The cardinal treatment of ordinal variables can lead to incorrect empirical findings. Although some empirical findings may be robust to alternative monotonic increasing transformations, many will not be.

Summary of Criticisms
The use of parametric methods on ordinal data is an overlooked cause of the replication crisis in psychology and a large, heterogeneous body of research on patient reported outcomes in pain and various rehabilitation interventions.

The problems with their defense of parametric models on ordinal data that only get noticed when discussed at the meta-analytic or information synthesis perspective. Floor and ceiling effects a local study level interact with selective reporting (publication bias), and disrupt the expected error correcting process of scientific inquiry.

  1. The early critics of parametric models on ordinal data noted that arbitrary scale transformations could change the observed sign of the effect. Liddell and Kruschke demonstrate this in their paper, but it wasn’t addressed by the authors. Simkovek and Trauble note detrimental effects on \beta and \alpha which is compatible with the points made in Liddell and Kruschke. Increases in error probabilities drive the information gained from the experiment downward, possibly to 0 – ie. no better than flipping a coin. From the meta-analytic perspective, this is a fatal defect that makes any evidence synthesis fruitless, as there isn’t even a p-value combination procedure that can consistently infer the sign of the effect. If a reader cannot trust the sign bit, why should they trust any other bits that represent the magnitude of effect? Such an experiment is not credible to any rational skeptic nor advocate. The implication is that no information is communicated by parametric models on ordinal data. Mathematical psychologist Joel Michell considers this practice (treating ordinal as metric), and its continued defense “pathological science.” Meta-analysis only magnifies this.

  2. As the authors below point out (but do not emphasize) uninformative parametric analyses are more likely to be included in a meta-analysis, but a more defensible ordinal analyses are likely to be ignored, even when it is possible to include them. There are also complexities of combining conceptually similar assessments that use different scales.

  1. Ordinal methods, by not depending on any particular scale, do provide a valid p-value and estimate (the Hodges-Lehman estimate or the Generalized Odds Ratio), based on the notion of stochastic ordering. This elegant model simply asks: “Is a randomly selected value in Y > X?” This permits various methods of information synthesis including more recently developed techniques based upon confidence distributions.
  1. These brute mathematical facts would seem to make the simulations an elaborate exercise of begging the question. The entire history of papers defending the practice either conduct simulations under charitable assumptions, or point to data sets where there is minimal difference in inference. A meta-analyst must take a skeptical, pre-data perspective. Given that there is no way to guarantee or verify the assumption of linearity, the interaction of floor and ceiling effects with effect size and variance and departures from normality increases bias and uncertainty. Simulation studies should also be conducted under the least favorable distribution (ie. Cauchy). Analytic and simulation results would eliminate the t-test from consideration in this case. Parametric scale effects simply add a source of heterogeneity to the task of synthesis.

Decision Theoretic framework justifying criticisms
Greenland (2020) proposes an information theoretic perspective for thinking about statistical methods.

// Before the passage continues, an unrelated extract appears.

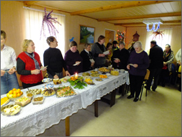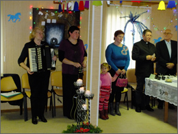Paskaitymus keitė adventinės giesmės, kurias atliko moterų kolektyvas vadovaujamas I. Jankauskienės. E. Vaštakienė pritardama gitara atliko keletą dainų, grojo Gėluvos kaimo armonikierius A. Cikas.

Shafer proposed conceptualizing scientific communication as a betting game (See Testing by Betting:A strategy for statistical and scientific communication).

JL Kelly linked betting games to Shannon’s information theory in his historic paper 1956 A New Interpretation of the Information Rate (link). It provided a semantic model for the notion of an information advantage via gambling.

Betting arguments are also critical in proving the coherence of Bayesian methods. Bayesian decision theory and information theoretic considerations merge in the design of experiments, where maximizing utility is equivalent to maximization of information.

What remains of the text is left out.